IPSG会員インタビュー:奥山千恵先生(湘南歯科医院 院長)

①IPSGで学ぶ前
個々の歯をどう治すかだけしか見えておらず、行き詰まっていました。

IPSGで学んでみて、以前から治療計画は立てているつもりでしたが、今になってみると、単に治療の順番の組み立てをしているに過ぎませんでした。

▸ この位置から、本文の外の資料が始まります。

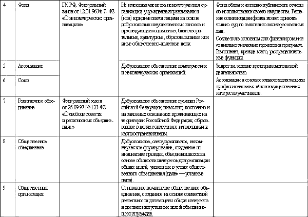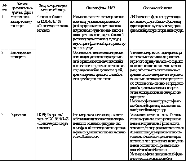 Основные организационно-правовые формы негосударственных некоммерческих организаций
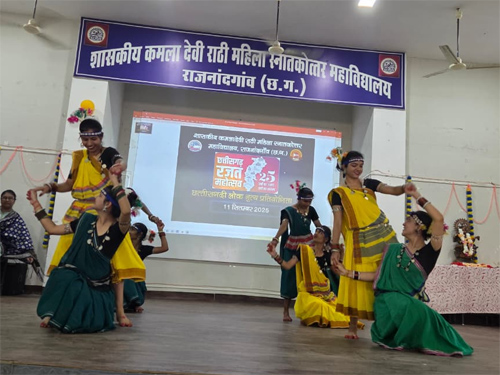 राजनांदगांव। छत्तीसगढ़ राज्य के गठन की रजत जयंती वर्ष के उपलक्ष्य में शासकीय कमला देवी राठी महिला स्नातकोत्तर महाविद्यालय, राजनांदगांव में दिनांक 11 सितम्बर 2025 को प्राचार्य डा. ओंकार लाल श्रीवास्तव के मार्गदर्शन में छत्तीसगढ़ी लोक नृत्य प्रतियोगिता का भव्य आयोजन किया गया। आयोजन शासन के निर्देशानुसार रजत जयंती उत्सव 2025 के अंतर्गत किया गया, जिसमें महाविद्यालय की छात्राओं ने पारंपरिक छत्तीसगढ़ी लोक संस्कृति की मनमोहक झलक प्रस्तुत की।
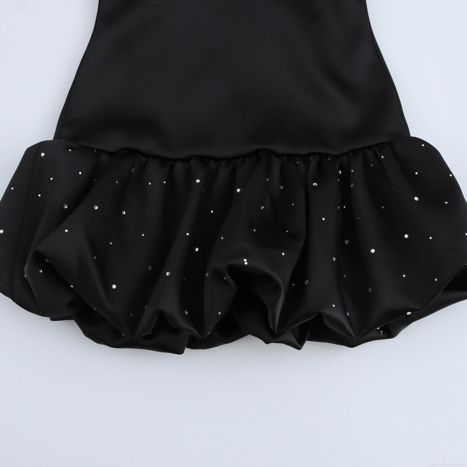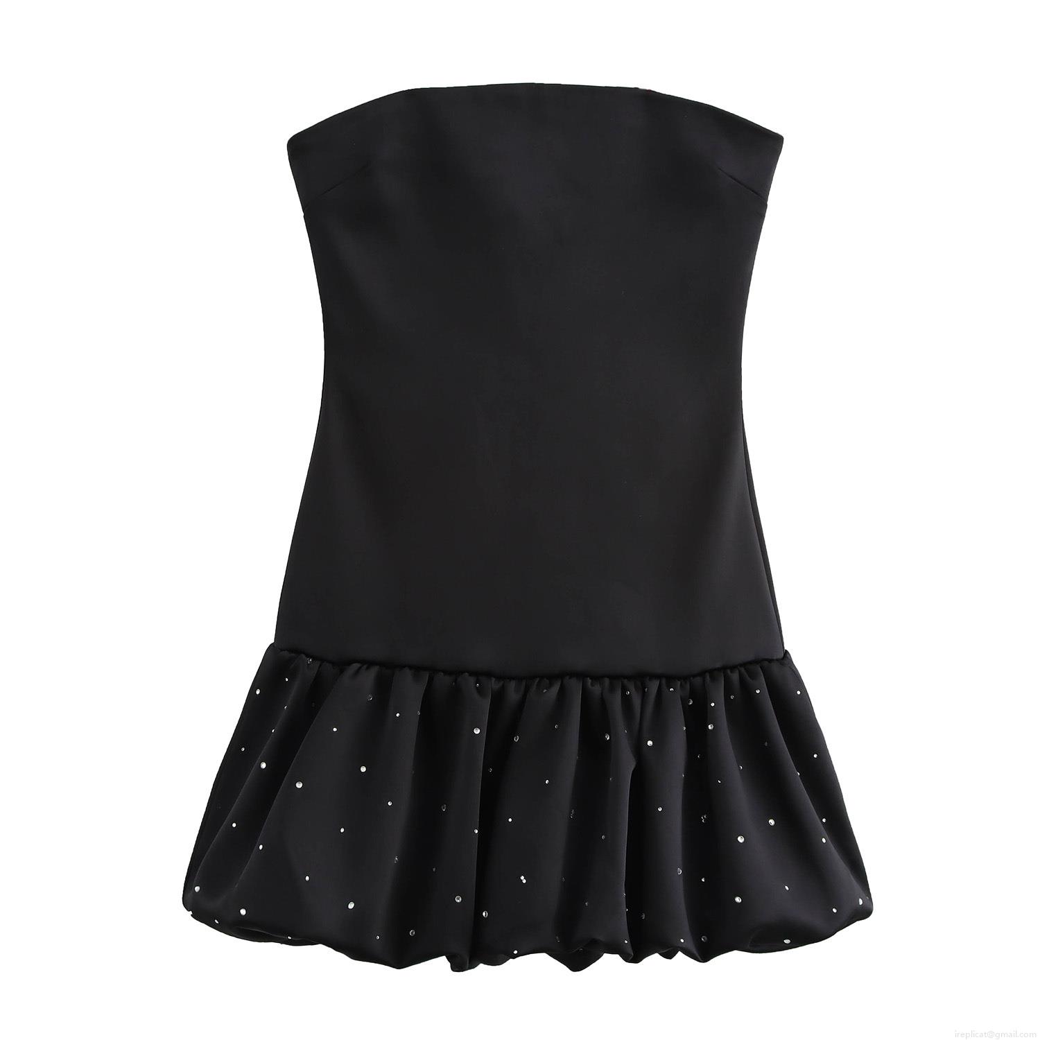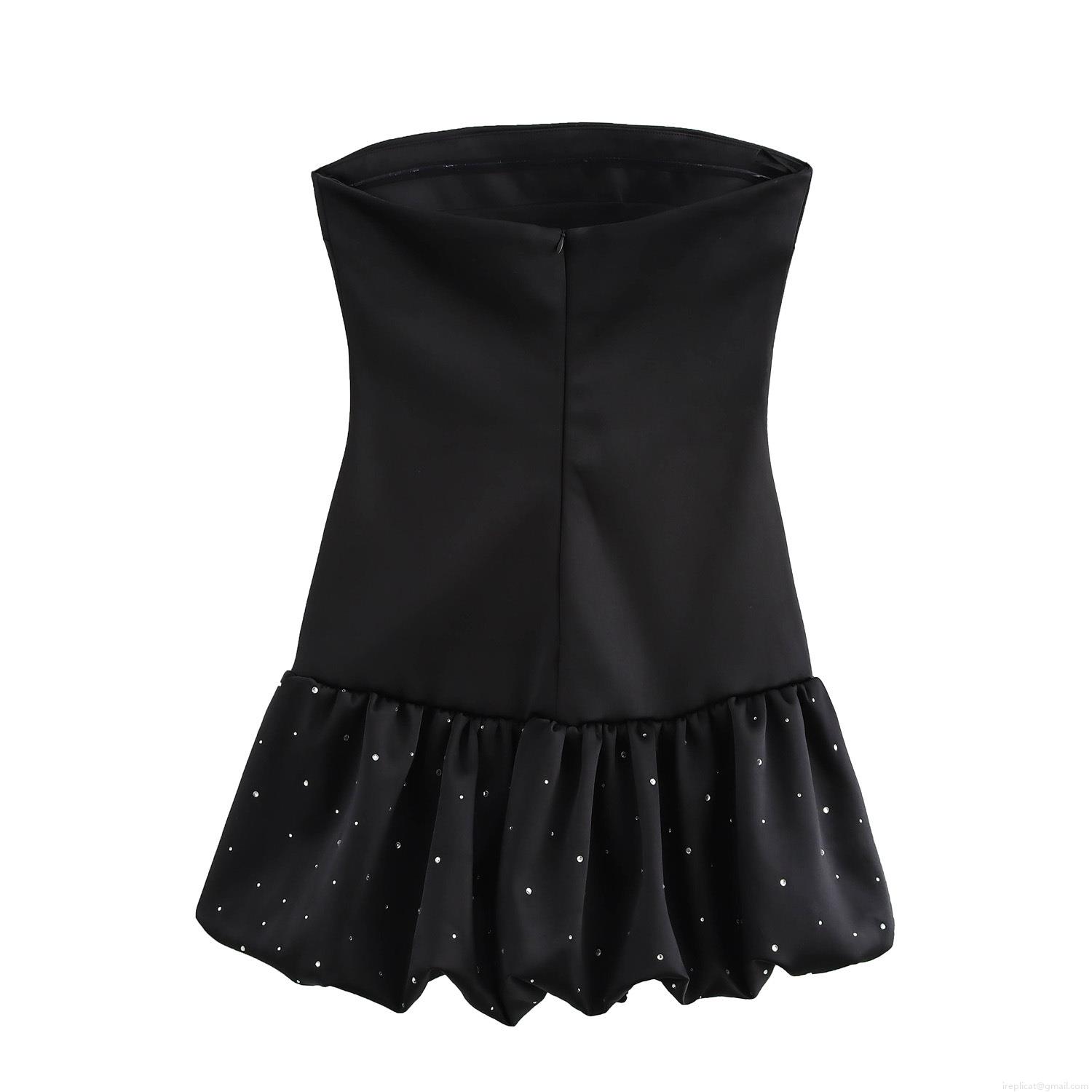 • Women's Sexy Strapless Black Satin Mini Dress With Rhinestone Ruffle Bubble Hem Elegant Party Evening Cocktail Dress Sleeveless Bodycon Dress
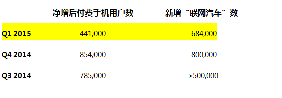 把前不久刚出的AT&T2015年Q1财报和2014年Q4、Q3两期对比,会发现一组有趣的数字:AT&T业务中,新增“联网汽车”数首次超过了付费手机用户数目。
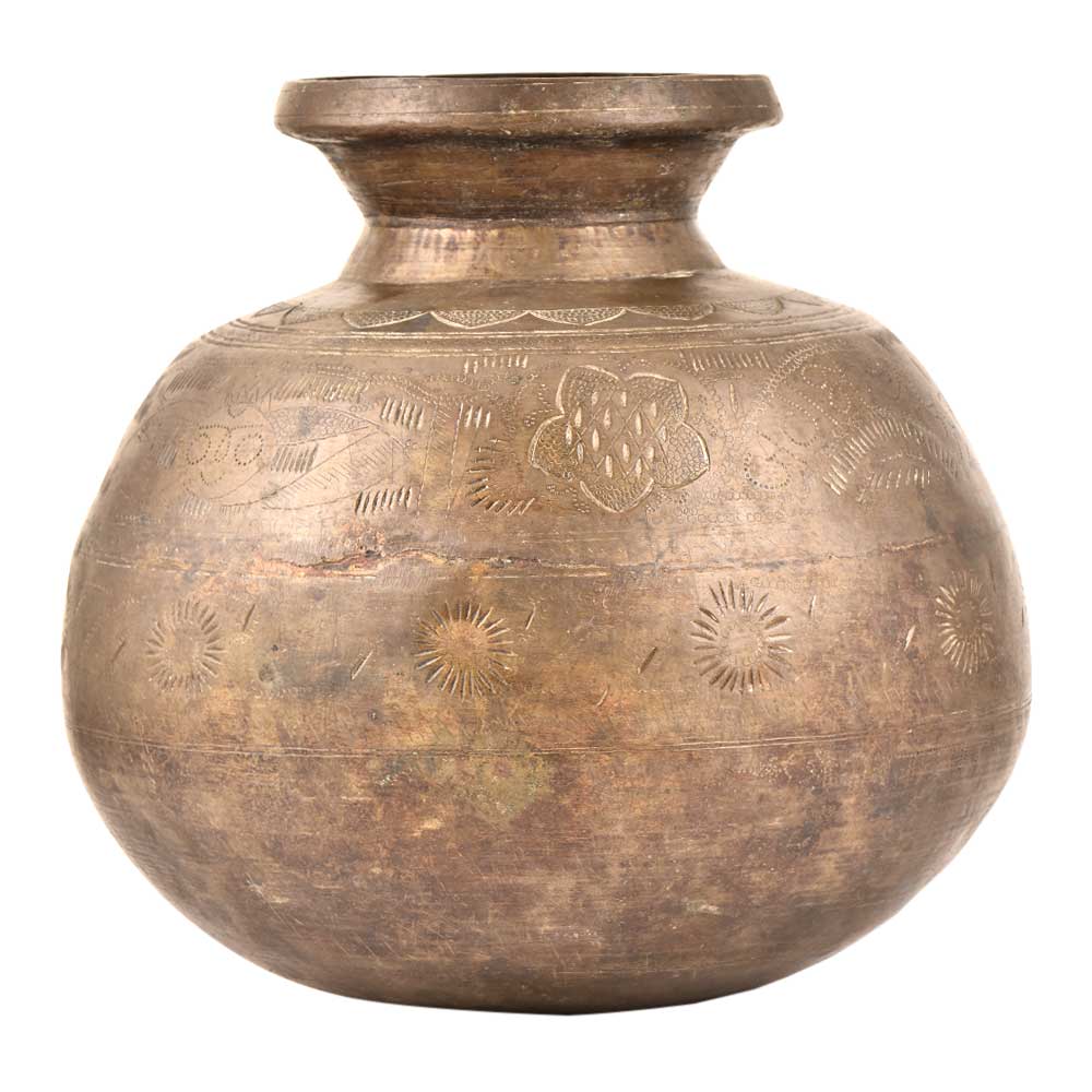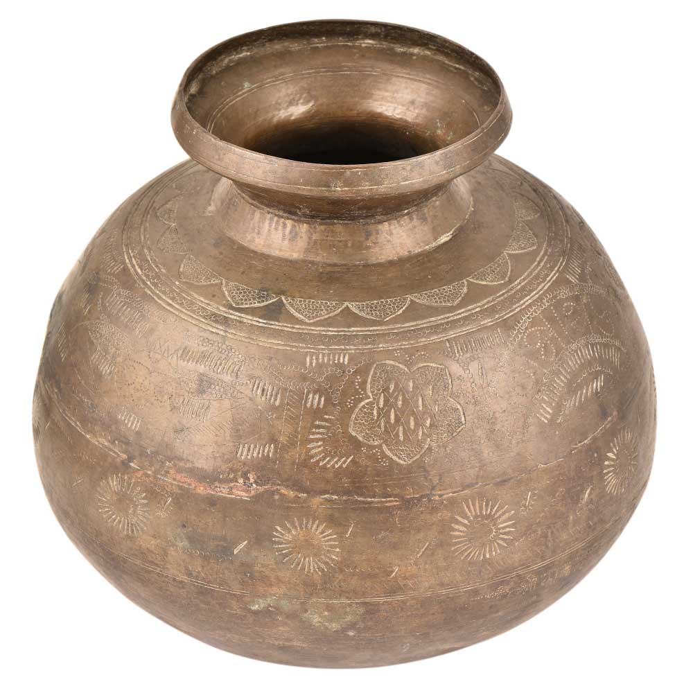 This is a rather unique shaped lota or pot with rough and uneven tribal carvings on the surface a protuding rim or neck with a small mouth . The pot would make a lovely shelf ornament flower pot or table display.
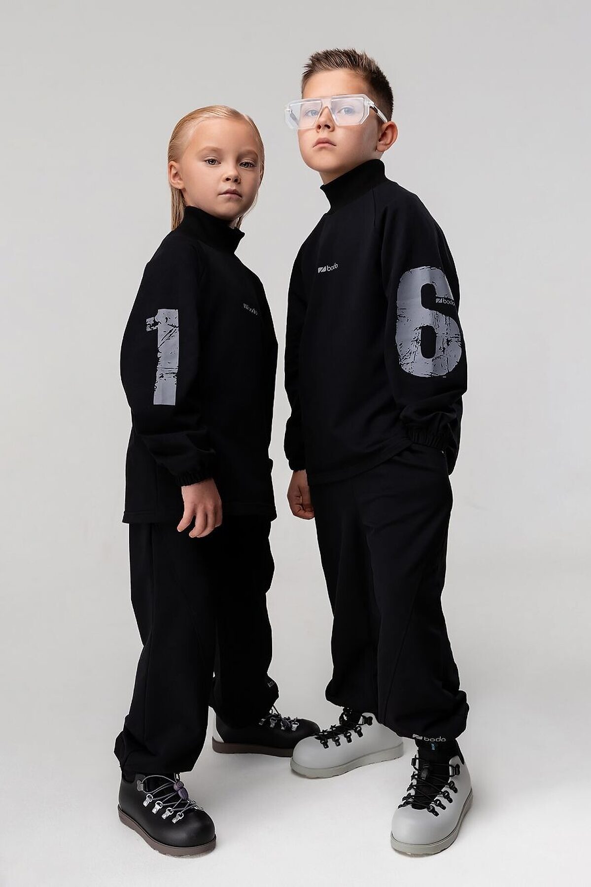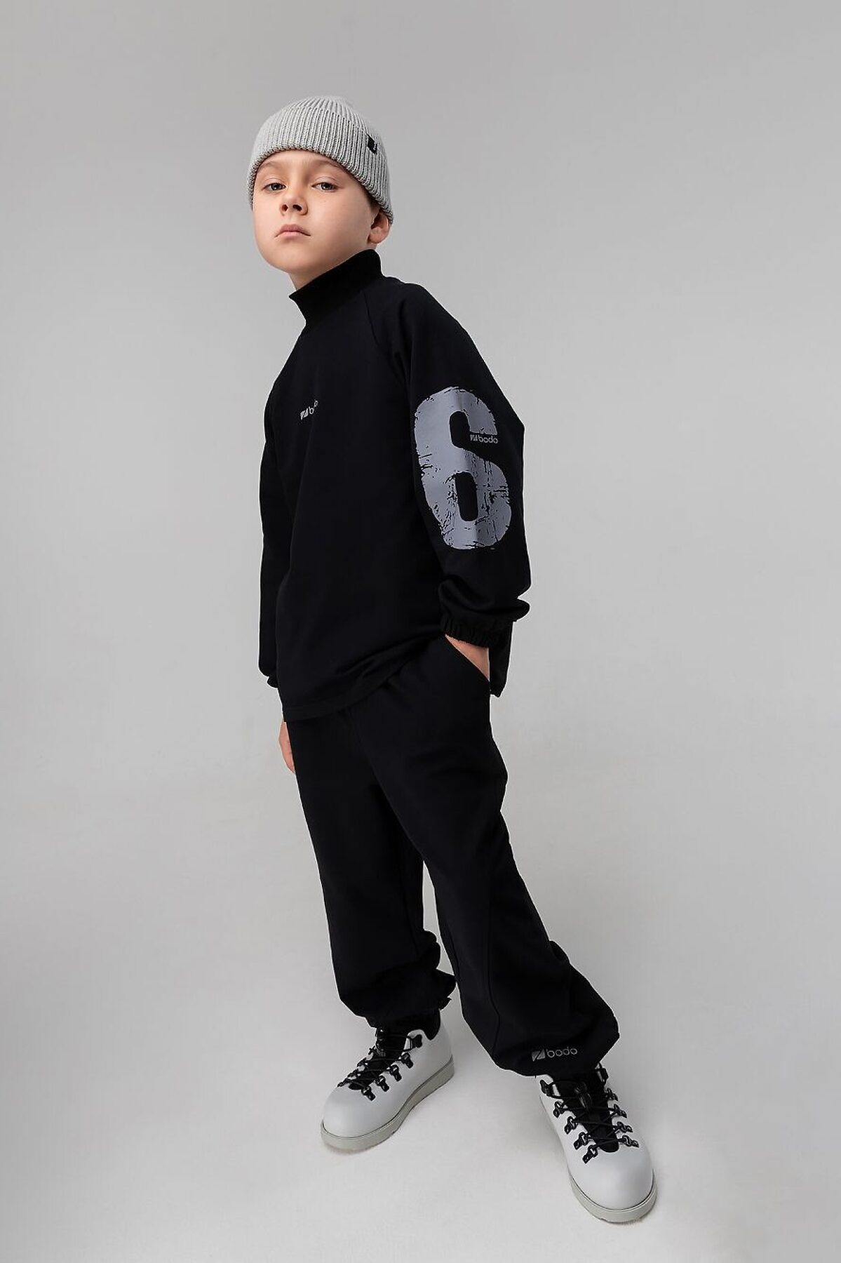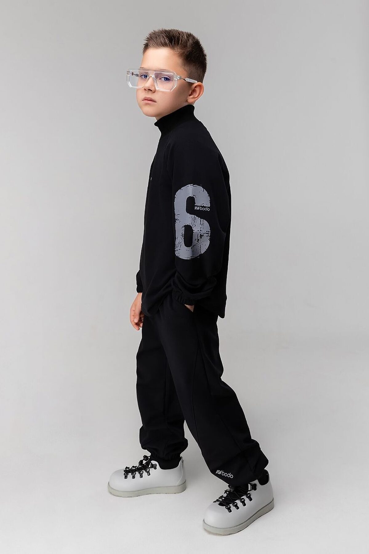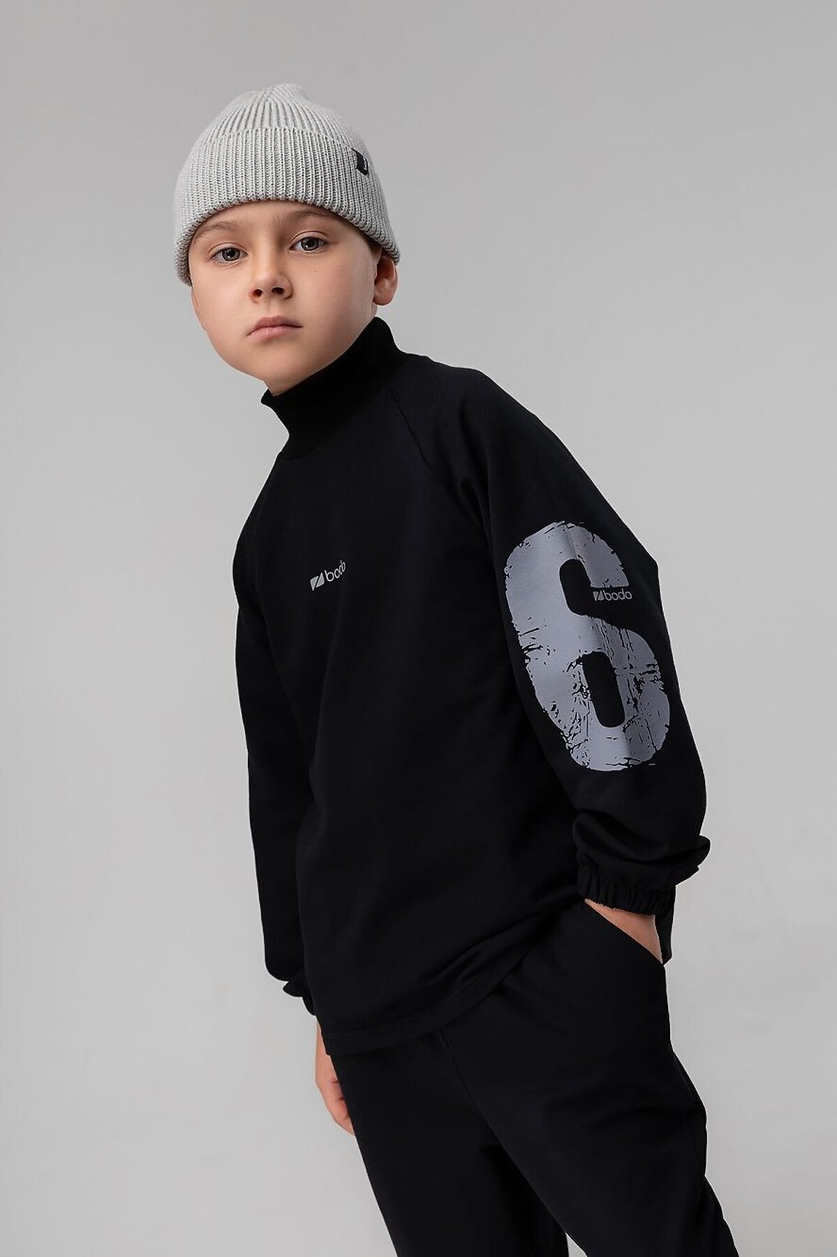 Толстовка свободного силуэта с рукавом на манжете с резинкой. Воротник стойка (без отворота), низ изделия ровный. На рукавах расположен принт "16". Свободные брюки на поясе с внутренней резинкой. Низ брюк с манжетой на резинке. Брюки с боковыми карманами.
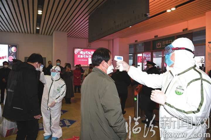 臨汾新聞網訊 節后“雙返”高峰在即,在大西高鐵臨汾西站出站口,工作人員正在對剛出站的旅客測量體溫,全力做好疫情防控。
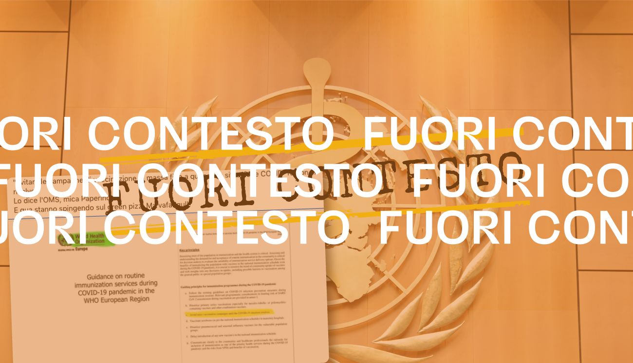 Il 20 luglio 2021 su Facebook è stato pubblicato un post contenente lo screenshot di un documento dell’Organizzazione mondiale della sanità intitolato “Guidance on routine immunization services during COVID-19 pandemic in the WHO European Region” (in italiano, “Linee guida sui servizi di immunizzazione di routine durante la pandemia di COVID-19 nella regione europea dell’Oms”), nel quale è stato evidenziato il seguente passaggio: «Evitare le campagne di vaccinazione di massa fino a quando la situazione COVID-19 non si risolve».

今は、治療を一口腔単位で考え、治療の数年後も見据えて、その時のリカバリーを考えての治療計画を立てるようになりました。


②IPSGを15年近く続けて思うこと
IPSGに入った当初の私は、治療の一つ一つの技術だけ勉強すれば、良い歯科医師になれると思っていました。
歯科医療を行う上で一番重要なベースがなかったように思います。

そのため、どこに基準を置いたらよいのか分からないまま治療計画を立て、治療に行き詰まっていました。
私自身が到着地が決まっていないままに出航し、彷徨う舟だったのかもしれません。

初めて稲葉先生に治療計画の立案を相談した時は、咬合器に付着していない模型を持って行きました。

その時、先生に「ひとまず治療が上顎だけとか、下顎だけとかそんなんじゃ駄目だ。」と言われましたが、その時は意味がよく理解できませんでした。

それから、講義を繰り返し聞き始め2~3年してからでしょうか。
稲葉先生の咬合理論が聞く度にじわじわと理解できるようになっていきました。
この頃、大学病院での聴講生にしていただききました。

実際の治療を見学し始めたある日、下顎頭骨折し、その後、下顎頭が関節窩外で骨癒着して顎関節が脱臼したのと同じ状態で、お困りの患者様が先生のところへ来院されました。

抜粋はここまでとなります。